As mentioned earlier, it was observed that the interaction between students in groups may reduce the differentiation between the groups, specially the average and good groups which are at the middle of the group spectrum. To validate this observation, the students were asked to give the name of three classmates with whom they have interacted the most in completing their assignments. Eighty-three students responded to this survey. The average grade of each set of students, whom interacted with each other were, used to classify them to their nearest performance level group. The standard deviation of these set of students is 1.96, confirming the fact that the students have high tendency to interact within their performance level group or close groups.

6 Conclusion and Future Work

Performance level prediction is important, because it can be used to adjust the learning materials to improve the learning experience of students. It becomes very crucial for helping at-risk students, especially in the first year of college or university. The result of performance level prediction can be used by a human instructor or by an intelligent agent in an intelligent tutoring system. In this chapter, a multi-channel decision fusion approach is proposed to determine the performance level as early as possible based on determining the performance levels in assignment categories such as homework and projects.

This approach consists of two phase of training and estimation. The advantages of the proposed method are:

  • The student’s performance level can be determined at early stages of a course, based on a few important assignment categories. In the case of our “Introduction to Computers and Programming” course, it can be determined up to 5 weeks after the beginning of the semester based on the homework and projects. In other words, evaluation via the assignments and the programming projects will accelerate the recognition of performance level.

  • The system can determine which assignment category helps improve the quality of a student’s performance. Consequently, a human instructor or an intelligent tutoring system can use this information to tailor the course for the best performance.

The importance of the proposed approach, compared to the other proposed approaches such as fuzzy skill level estimation, Bayesian networks, and Factorization methods, is in using assignment categories levels, rather than the overall performance levels to estimate the future performance levels.

It should be mentioned that since normal distribution is used to model the performance levels, at least 30 samples are needed for each level to correctly model the performance level. If lower number of samples is available, then Z or T distributions may be used.

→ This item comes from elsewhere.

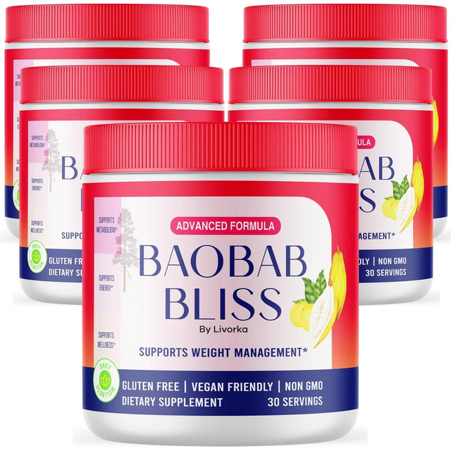 (5 Pack) Baobab Bliss Powder, Baobab Bliss Organic Powder, Baobab Bliss Powder All Natural Fiber Supplement, Baobab Bliss Fruit Powder, Baobab Bliss Powder Organic Review, 150 Servings For 5 Months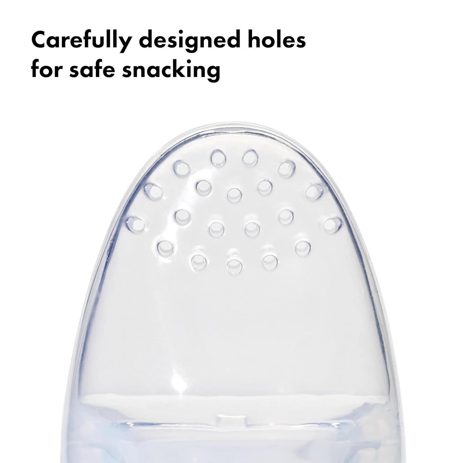 The OXO Tot Silicone Self-Feeder is a safe way for little ones learning to snack on their own. The large-capacity silicone pouch is perfect for holding pieces of strawberries, oranges, or other yummy fruits or veggies, while the pouch’s holes make it safe for baby to access the fruit in small bites. You can also use it to soothe teething tots by adding frozen fruit. The right-sized handle is non-slip and easy for little fingers to grasp. When snack time is over, the silicone is easy to clean and the childproof lock is easy for grown-ups to take apart. Top-rack dishwasher safe. Set of two.

The future work would focus on using neural networks for better learning the mapping between the performance level in assignment categories and the final performance level. Furthermore, we will study the use of fuzzy logic to better represent the fuzziness in the data. Also, as it was discussed in Sect. 6.5, the correlation between the assignment categories could be very important and it should be further investigated.

Although we planned to consider the learning style effects in the performance prediction, the learning style of the students at the engineering school might be limited to certain classes. Consequently, a wider study needed to be done to analyze the impact of the learning styles in performance prediction. Finally, the possibility of using the interaction of the user with system through non-assessment learning objects would be investigated.